Elle reste avec nous pendant une
demi-heure et part. Je me débarbouille et me change dans la salle de bain de la
chambre puis revient m’assoir auprès d’elle. Je me mets à lui parler comme j’ai
l’habitude de le faire ces derniers jours.
-Mon amour, il faut que tu
réveilles maintenant. Tu me manques tellement. Ça fait bien trop longtemps que
je n’ai pas vu tes yeux, ton sourire, entendu ta voix. Nos bébés ont besoin de
toi ma chérie. S’il te plait, reviens à nous… Je t’ai acheté une bague mon
bébé, il faut que la porte au plus vite… ma future Madame Cissé.
Sa main, je la serre un instant
espérant détecter ne serait-ce qu’un signe, un mouvement. Mon portable vibre dans
ma poche. Je le vérifie et vois un message d’Ali qui dit m’attendre sur le
parking ; nous avons rendez-vous. Je la laisse donc avec un garde posté
discrètement devant sa chambre et part au parking.
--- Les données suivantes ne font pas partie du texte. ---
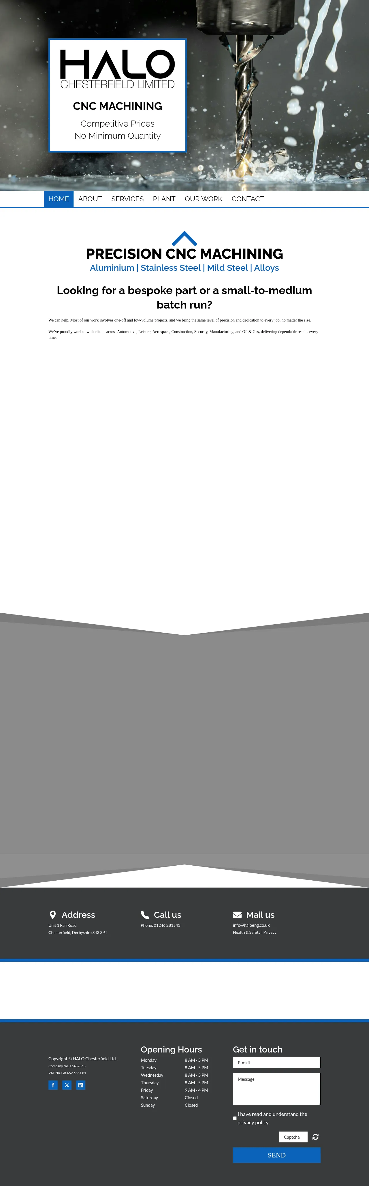 HALO Chesterfield Ltd is a precision engineering company based in Derbyshire, UK, specializing in CNC machining and manufacturing services. The company provides a comprehensive range of solutions including CNC milling, turning, laser marking, and bead blasting for both one-off prototypes and small-batch production. They serve a diverse client base across industries such as aerospace, automotive, rail, and construction. By utilizing advanced CAD/CAM software and a well-equipped facility, the firm ensures high-precision results and full material traceability. They are recognized for their focus on short lead times, competitive pricing, and a customer-oriented approach to complex engineering requirements.
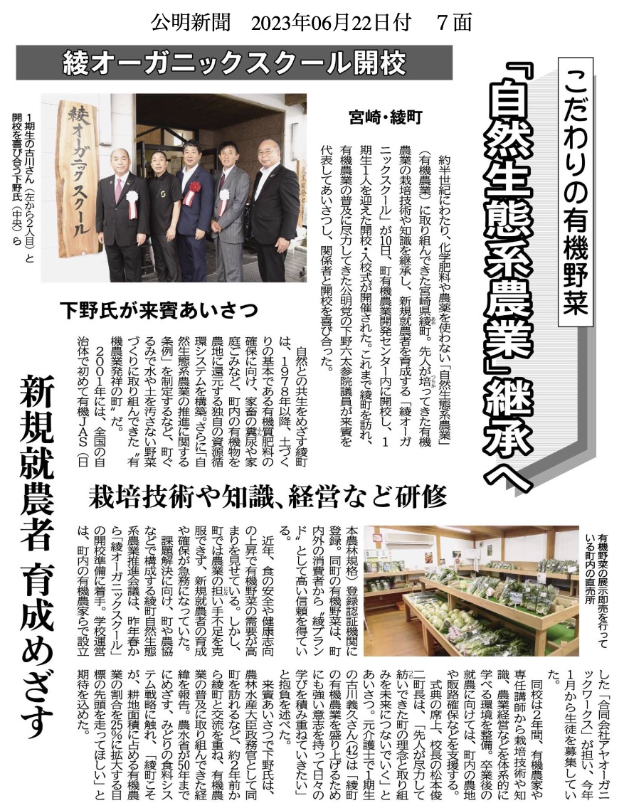 2023年6月22日 宮崎県綾町視察:綾町オーガニックスクール開講

-Monsieur, nous avons pu le
retrouvé.
-Où ?
-Il est dans un quartier
précaire, dans la commune de Yopougon. Hier les hommes ont pu le trouvé sa
trace grâce à des indics.
-D’accord. Assurez-vous de ne pas
le perdre, on ira lui rendre une petite visite.
-Bien sûr. Et quand est ce qu’on
ira le voir ?
-Quand Madame ira mieux.
-Ok patron.
-D’ici là, je veux que tout soit
en place.
-Ne vous inquiétez pas.
-Vous avez fait du bon boulot.
-Merci patron.
Je repars dans l’enceinte de
l’hôpital en pestant contre moi-même. Si seulement j’avais pris cette histoire
au sérieux depuis longtemps, rien de tout cela ne serait arrivé. Si seulement…
Mais je le jure, il n’aura plus la capacité de faire quoi que ce soit.
Je retourne m’assoir auprès de ma
princesse et m’assoupis rapidement. Un bip sonore me tire de mon sommeil. Le
temps que j’y vois plus clair, la chambre est pleine d’infirmiers qui me
demandent de sortir. Safi est en train de suffoquer. Un masque lui est posé sur
le visage. C’est la dernière image que j’ai en sortant.
Je suis de confession musulmane,
pas vraiment pratiquant je le concède. Toutefois, je suis convaincu qu’il y a un Dieu, une
entité supérieure. Et c’est à cette dernière que je m’adresse dès que je sors
de la chambre. J’ai besoin de Safi. Qu’il ne me l’enlève pas.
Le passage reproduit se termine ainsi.